When I began writing blogs for my manifesto, I found a great deal of encouragement from this anthology on my shelf, The Art of the Personal Essay, selected and introduced by Phillip Lopate. His introduction encouraged me – along with the invitation to be ‘playful’ by our very own Justin Robinson – to have fun with the medium. The anthology itself, following the introduction, may become the subject of future blogs, comprising as it does a wealth of essays from the classical era to the present. For now, the introduction alone is my focus.
Through Lopate’s lens, I claim my place:
“The hallmark of the personal essay is its intimacy. The writer seems to be speaking directly into your ear, confiding everything from gossip to wisdom. Through sharing thoughts, memories, desires, complaints, and whimsies, the personal essayist sets up a relationship with the reader, a dialogue – as friendship, if you will, based on identification, understanding, testiness and companionship. At the core of the personal essay is the supposition that there is a certain unity to human experience.”
If I consider the full range of blogs that I write – and Justin too – I see these hallmarks of the personal essay. While I initially thought I would ‘hide’ behind formalities, increasingly, especially as I developed the full understanding and trust that I was writing regularly to you, our readers, I relaxed. I have been, and am, prepared to unmask myself in the manner of which Lopate writes: “Part of our trust in good personal essayists, issues paradoxically, from the exposure of their own betrayals, uncertainties and self-mistrust.”

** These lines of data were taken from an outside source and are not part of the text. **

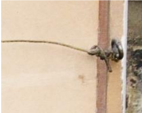
Eye Hook on Top/Face of Frame:
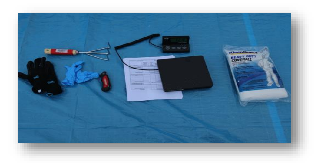
Figure 3. Supplies necessary to conduct the sort include a small portable scale, a small rake, tongs, and appropriate attire such as gloves and coveralls.
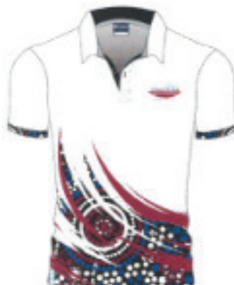
Senior First Nations Polo $40
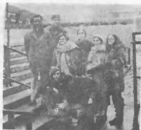
WITNESS IN New York
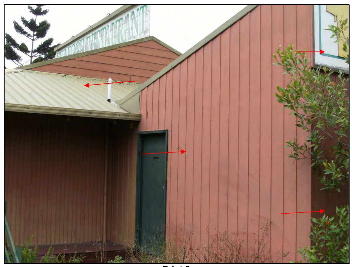
Print 2 Western Section of Restaurant. Note Wall Panels Advertising Sign and Roof
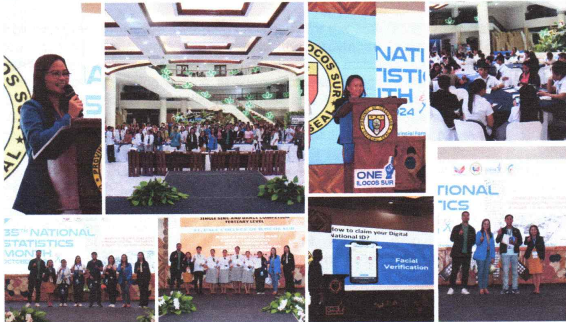
Snapshots during the 35 th NSM Closing Ceremony at the Provincial Farmers Livelihood Development Center, Vigan City, Ilocos Sur on 30 October 2024.

Date of Release: 12 November 2024 Reference No. 2024-073

It is this very personal lack of certainty that in the past, given my upbringing as a woman in the 1950’s in the male centric town of Broken Hill, New South Wales, which would have resulted in me masking myself, and shrinking myself whenever I spoke or wrote. Fear of being judged as ‘wanting’ or ‘of limited intellect and scholarship,’ would have governed my actions and my writing and the outcome would have been of a different kind altogether – silence or inauthenticity.
Now, it is indeed through the writing of the blogs – the personal essays themselves – in which I find myself. Lopate quotes, O.B. Hardison, Jr’s definition: “The essay is the enactment of a process by which the soul realizes (sic) itself even as it is passing from day to day and from moment to moment.” The unfolding of my perceptions, my individual ‘takes’ on life, including the minutiae of the everyday, and my interpretation of its meaning, is my soul realising itself and I am being bold enough to offer my findings to you.
It was a joy to read such an eloquent unpacking of the personal essay form in Lopate’s introduction. It is worthy of standalone attention. I can’t wait to sample and learn from the essayists whom he has assembled in this generous volume.